Existing Rules Don't “Describe Leveraged Tokens”: CFTC's Pham after Uniswap Settlement

The US Commodity Futures Trading Commission charged decentralized exchange (DEX) developer Uniswap Labs with offering illegal leveraged and margined commodities transactions. The two parties simultaneously settled the charges with a payment of $175,000.

Meanwhile, CFTC’s Commissioner, Caroline Pham, dissented from the order, pointing out that the existing rules do not specify characteristics of “leveraged tokens.” She also expressed concern over the regulator’s “ever-expanding jurisdictional overreach.”

Leveraged Tokens Are Illegal on Unregistered Platforms

According to Wednesday’s announcement, the regulatory action also includes a cease-and-desist order to prevent Uniswap from further violating the Commodity Exchange Act.

The regulator highlighted that Uniswap developed a protocol and interface allowing “Non-Eligible Contract Participants” and institutional users in the United States and abroad to trade digital assets through the Ethereum blockchain.

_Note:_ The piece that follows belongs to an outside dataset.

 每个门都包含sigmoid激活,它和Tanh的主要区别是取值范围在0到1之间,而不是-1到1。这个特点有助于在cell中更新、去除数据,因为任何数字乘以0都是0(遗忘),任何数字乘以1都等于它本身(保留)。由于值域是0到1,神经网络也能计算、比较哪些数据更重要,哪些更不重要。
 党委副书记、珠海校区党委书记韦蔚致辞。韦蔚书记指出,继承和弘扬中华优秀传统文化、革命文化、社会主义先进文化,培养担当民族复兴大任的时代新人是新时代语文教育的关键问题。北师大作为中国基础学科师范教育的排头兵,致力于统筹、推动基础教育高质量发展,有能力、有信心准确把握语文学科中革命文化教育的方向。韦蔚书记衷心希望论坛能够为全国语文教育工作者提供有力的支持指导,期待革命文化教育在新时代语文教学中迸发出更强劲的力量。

The protocol allowed users to create and trade with hundreds of liquidity pools, consisting of matched pairs of digital assets valued against each other. It also included a limited number of leveraged tokens, which provided leveraged exposure to digital assets like Bitcoin and Ethereum.

The CFTC finds these leveraged tokens to be leveraged or margined commodity transactions that did not result in actual delivery within 28 days. Thus, they can only be offered to “Non-Eligible Contract Participants” on a board of trade designated or registered by the CFTC as a contract market. However, Uniswap is not a CFTC-registered contract market.

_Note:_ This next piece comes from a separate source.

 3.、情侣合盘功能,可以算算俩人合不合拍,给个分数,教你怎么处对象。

“Today’s action demonstrates once again that the Division of Enforcement will vigorously enforce the CEA as digital asset platforms and DeFi ecosystems evolve,” said the CFTC’s Director of Enforcement, Ian McGinley. “DeFi operators must be vigilant to ensure that transactions comply with the law.”

Two Dissenting Voices

However, two CFTC Commissioners, Caroline Pham and Summer Mersinger, dissented against the regulator’s order concerning the decentralized exchange protocol. Notably, both are aligned with the Republican political party. There are five CFTC Commissioners, including the Chair, of whom a majority of three align with the Democratic Party.

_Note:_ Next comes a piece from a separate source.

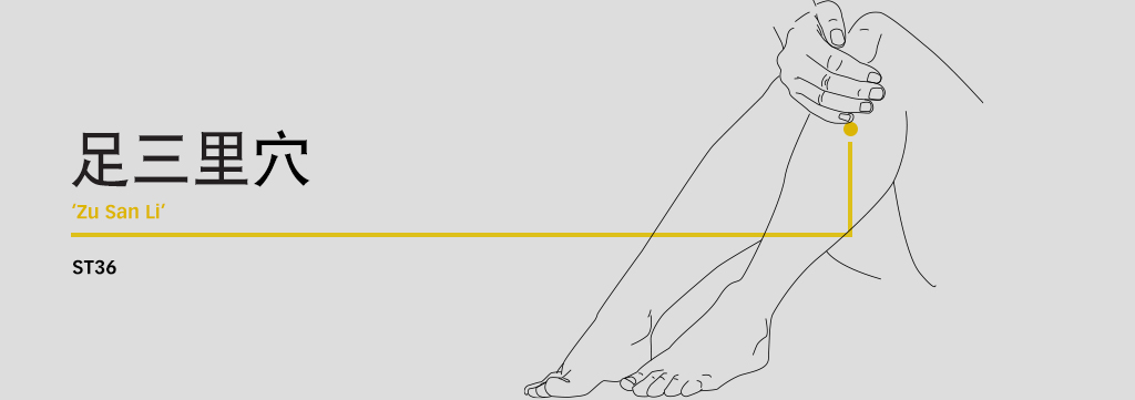 Location: At the lower border of your knee cap, first locate 2 “dimples” at either side of the middle thick tendon. From the outer dimple, place 4 fingers (index to pinky finger) down onto the shin bone. The acupoint is where the edge of your pinky falls.
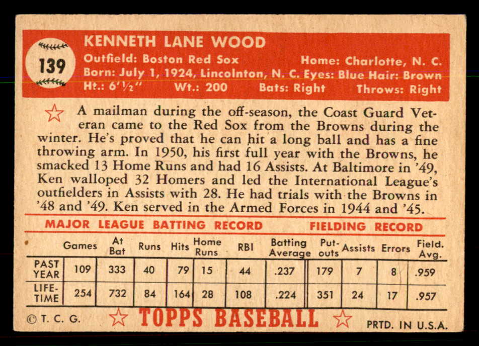 1952 Topps Baseball #139 Ken Wood Red Sox VG-EX 544214

“There is no evidence in the administrative record that describes the specific terms and/or characteristics of the ‘Leveraged Tokens’ as characterized in the settlement order,” Commissioner Pham wrote in her dissent. “I am concerned that the Commission’s ever-expanding jurisdictional overreach continues to perpetuate a lack of regulatory clarity, not only regarding digital assets, but more significantly, for our cash commodity markets.”

Earlier, Commissioner Pham also criticized the enforcement department of the CFTC for its misconduct in the My Forex Funds case. Her comments even grabbed the attention of Republican Senator Charles Grassley from Iowa, who sent a set of questions to the CFTC’s Chair to clarify the misconduct and the steps taken to address such issues.

“Given that the CEA and CFTC rules were written for traditional, centralized market infrastructure providers and intermediaries,” noted Commissioner Mersinger, “it was my hope that one day soon the Commission would consider rulemaking, or at the very least guidance, making clear how DeFi protocols could comply with them.”